Relationship of tensegrity icosahedron to its Platonic (planar) counterpart
Fig. 15-11. Relationship of tensegrity icosahedron to its Platonic (planar) counterpart.
Click on thumbnail for larger image.

      Perhaps the most significant lesson from tensegrity structures lies in their unexpected strength. A tensegrity's apparent extreme fragility is completely deceptive. The uninformed observer will usually approach such a structure with great caution, touch it hesitantly and gently so as not to break the delicate model, and (if persistent) ultimately realize that a tensegrity can be thrown around the room without harm. The erroneous initial assumption is a result of a deeply ingrained bias in favor of compression as the reliable source of structure. We perceive string and cable as flimsy, but actually the magnitude of a force that can be carried by "delicate" tension materials can far exceed the corresponding capacity of compression elements. Humanity's perception is in need of retuning.

      The other aspect of a tensegrity's remarkable strength is the rapid omnidirectional distribution of applied forces. One of the advantages of a network of tension elements is efficient dispersal of loads around a structure, enabling the whole system to withstand forces far greater than could be predicted by engineering analysis of the separate components. Welcome back, synergy:

      This is not the behavior we are used to in any structures of previous experiences... Ordinary beams deflect locally... The tensegrity "beam" does not act independently but acts only in concert with "the whole building", which contracts only symmetrically when the beam is loaded... . The tensegrity system is synergetic. ...(724.33-4)

This "whole system" behavior can be detected by pushing or pulling on two opposite struts of certain tensegrities. The entire system will contract or expand symmetrically like a balloon, and also will spring back to its equilibrium configuration when the applied force is removed. (Photo 15-3 shows the simple six-strut tensegrity, which is arguably the most elegant illustration of this uniform contraction or expansion in response to a unidirectional force.) Similarly, this synergetic behavior insures a balanced distribution of stresses:

Six-strut 'expanded octahedron' tensegrity
Photo. 15-3. Six-strut "expanded octahedron" tensegrity.
Photograph courtesy of the Buckminster Fuller Institute, Los Angeles, Calif.
Click on thumbnail for larger image.

      If you... tauten one point in a tensegrity system, all the other parts of it tighten evenly. If you twang any tension member anywhere in the structure, it will give the same resonant note as the others. (720.10)
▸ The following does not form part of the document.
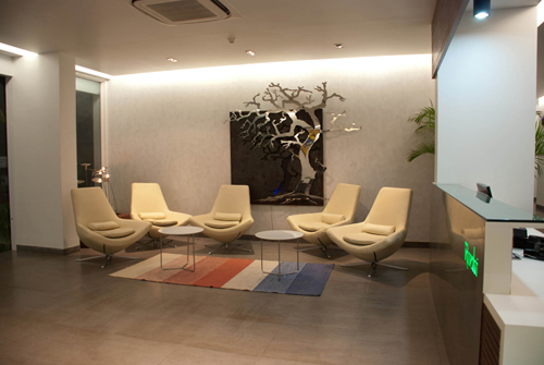 Whileone could safely say that a healthy measure of art and nature anoint thisoffice, it is the God in details that essentially wraps it into a well-groomedcorporate set-up, refined and chiselled to upbeat suaveness.

Fuller felt that this dispersal is not really understood by most engineers, and as a result, they have been unable to predict or analyze the extraordinary capabilities of tensegrities and geodesic domes. Note that discontinuous compression and continuous tension also characterize geodesic domes, but as these structures lack the visually legible quality of the geometric models, one cannot at a glance identify the operative forces:

      Structural analysis and engineering—design strategies... were predicated upon the stress analysis of individual beams, columns, and cantilevers as separate components... [and] could in no way predict, let alone rely upon, the synergetic behaviors of geodesics... . Engineering was, therefore, and as yet is, utterly unable to analyze effectively and correctly tensegrity geodesic structural spheres in which none of the compression members ever touch one another and only the tension is continuous. (640.02)

The ultimate result of this conceptualizing and model building is that the barrier to ever-larger clear-spanning enclosures has been removed. By understanding the crucial role of tension, we can learn to manipulate it in preferred ways. "We are able to reach unlimited spans because our only limitation is tension, where there is no inherent limit to cross-section due to length" (764.02). Cosmic zoning laws are repealed.